脊髄、脊椎疾患

脊髄梗塞 update

Teaching NeuroImages: Acute bilateral hand weakness from anterior spinal artery territory cord ischemia. Neurology 2009 73: e13.
下部頚髄の前脊髄動脈梗塞により両上肢の脱力で発症した58歳男性例

頚椎症性脊髄症(CSM) 治療

保存的治療
基本は手術ですが、とりあえず手術までは以下の治療を行います
安静、頚椎カラー、牽引療法、対症療法(鎮痛剤、抗うつ薬、筋弛緩剤、神経根ブロックなど)

手術
基本的には保存的治療が多い頚椎症性神経根症と異なり、進行性の「脊髄症」や神経根症があれば手術を考慮します。

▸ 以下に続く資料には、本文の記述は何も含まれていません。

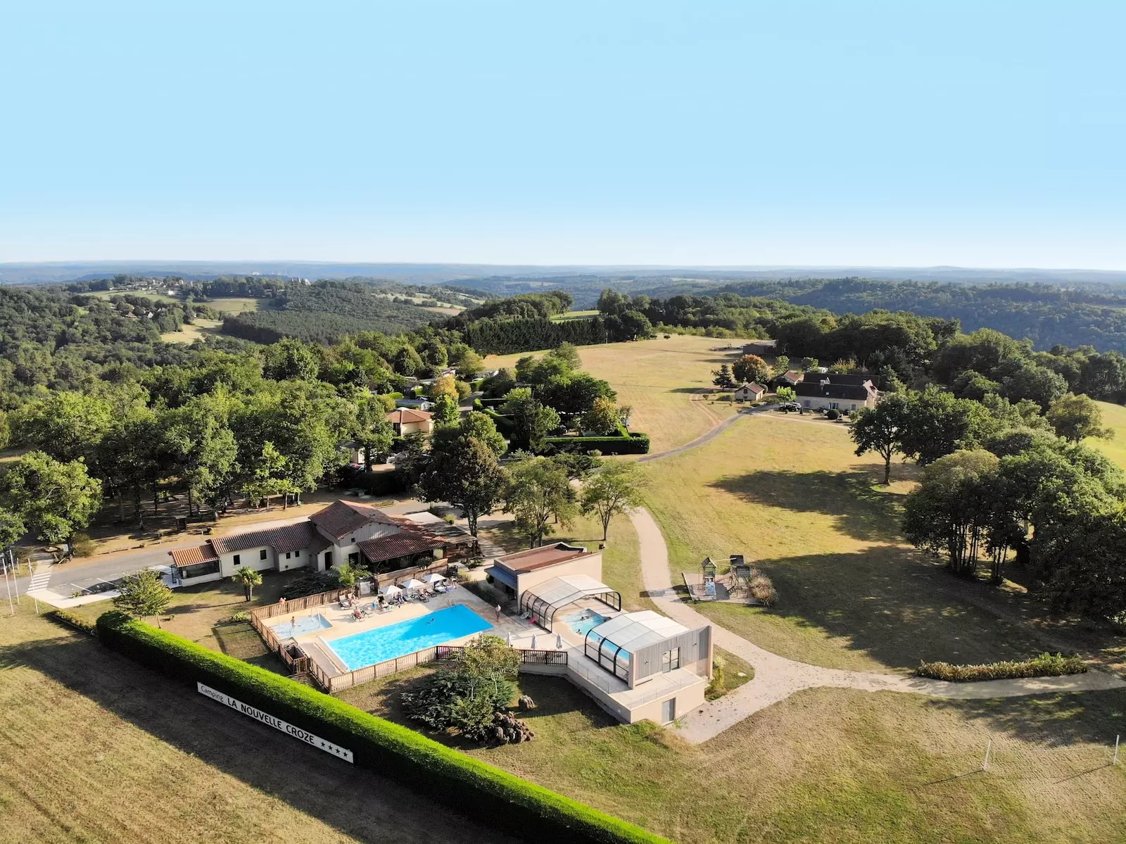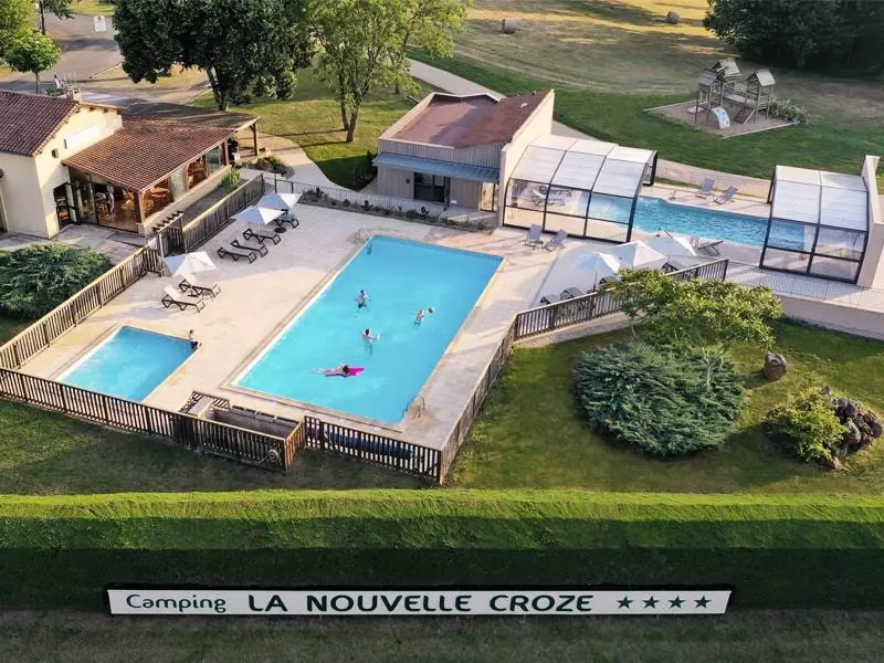 Perché au sommet d'une des collines les plus élevées du Périgord noir, La Nouvelle Croze est le plus petit camping 4 étoiles de Dordogne pour un tourisme à visage humain. Situé au cœur de la Vallée Vézère, a mi-chemin entre Sarlat et Périgueux, ce camping familial vous accueille au milieu d'une nature préservée. Ses 44 emplacements paysagés et ses grands espaces de verdures en font le paradis des enfants et vous promettent des vacances calmes et inoubliables en famille. Ses services de qualité vous séduiront : Piscines chauffées, piscine couverte et espace bien-être en toute saison ou encore restaurant et bar à cocktails (en Juillet-Août) seront au rendez-vous. À 10 km de Lascaux et des Eyzies, capitale de la préhistoire, et à côté de la grotte aux « cent mammouths » à Rouffignac (accessible par un sentier de randonnée) le camping se trouve au carrefour des plus beaux sites touristiques de Périgord Noir et de Dordogne.

前方、後方アプローチがありますが、それぞれの利点につき議論が盛んになされている段階です

    前方アプローチ
    3椎間までの病変や高齢でない場合に考慮されます。前方から骨棘が除去できる利点がありますが、Swan neck deformityが生じやすいためanterior platingやBraceが必要になることもあります
    後方アプローチ
    3椎間異常の多椎体病変、高齢者に行います。椎弓切除術(+後方固定術)、椎弓形成術などがあります

頚椎症性脊髄症(CSM) 診断

概念
50歳以上の脊髄症も最も多い原因です。脊柱管断面の面積が30%以上減少すると、多くの場合脊髄症(ミエロパチー)の症状を引き起こします。脊髄圧迫因子としては以下の二つに主に分けます。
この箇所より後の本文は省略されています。